Möller says an example of the kind of services that could be enabled is WikiPics, developed by Daniel Kinzler at the German Wikimedia foundation. Kinzler scraped a database of all the links that connect different Wikipedia pages available in multiple languages and built a fully multilingual image search. When a user puts in the term “horse,” for example, the service knows to also find images of “cheval” (French) and “Pferd” (German). “You’re searching concepts instead of terms,” says Möller. However, for now the site relies on the slow process of scraping the whole of Wikipedia to update its knowledge. A semantic Wikipedia would maintain a live database that could be queried at any time.
Wikipedia faces two big challenges in embracing semantic concepts, says Möller. One is that no one has yet built a semantic web service on the scale of a site such as Wikipedia, and it is unclear whether existing software like Semantic MediaWiki is up to the task, he says.
A second challenge is the feature of Wikipedia most responsible for its success so far: its community. “Thinking about adding semantic structure is a natural extension of what Wikipedia needs to do, given prevailing trends,” says Andrew Lih of the University of Southern California, and author of the 2009 book The Wikipedia Revolution. “But I do worry a bit about the database aspect that comes with this–the attraction of wikis in the first place is in the way they have been hand-edited by humans.”

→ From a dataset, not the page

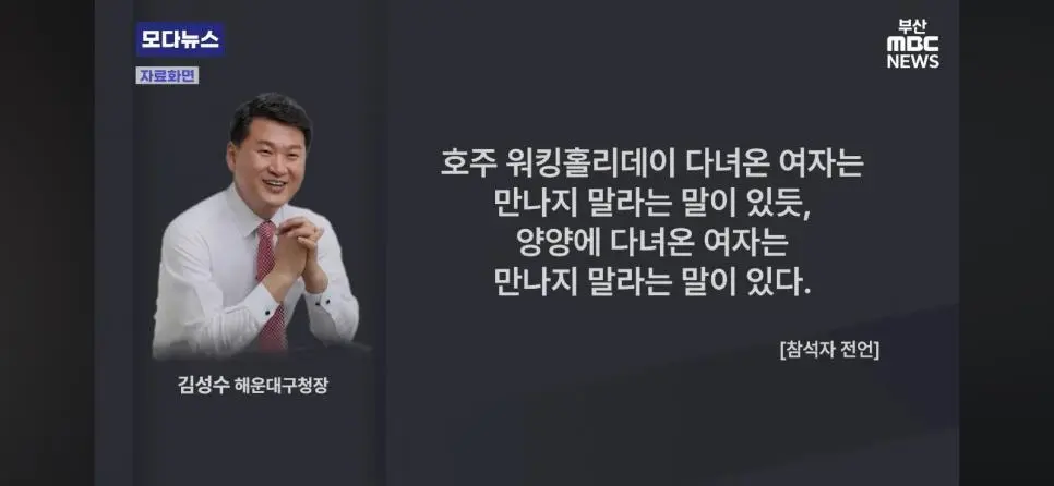 해운대구청장 양양 발언 논란 ㄷㄷ

Parscal has been leading efforts to make it easy for anyone to add or edit the data of a large semantic store. “We’ve been working on a visual editor that suggests how we might help users contribute structured data, and that also makes the editing process easier,” says Parscal.

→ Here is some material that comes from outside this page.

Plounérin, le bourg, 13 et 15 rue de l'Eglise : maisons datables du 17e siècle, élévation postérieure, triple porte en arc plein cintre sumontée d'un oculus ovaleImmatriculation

Editing Wikipedia today is already a daunting process that needs improvement, admits Parscal. “If you’ve interacted with our interface,” he explains, “you’ve been slapped in the face by wikitext” (a markup language that uses special code around text to format things like links, references, and section headings). The wikitext for tables or infoboxes–the information most ripe for making semantic–is particularly dense and hard to understand, says Parscal. “We recently did some user experience studies with people that hadn’t used it before; they were quickly quite frustrated.”
In future, it may be possible to remove the need for a human to populate some parts of Wikipedia altogether, says Möller. “Fundamentally a lot of this data probably shouldn’t be entered by humans in the first place, it should just, say, poll the source of a figure like GDP once a year.” That’s a capability that Koren has already added to Semantic MediaWiki, through an extension called ExternalData.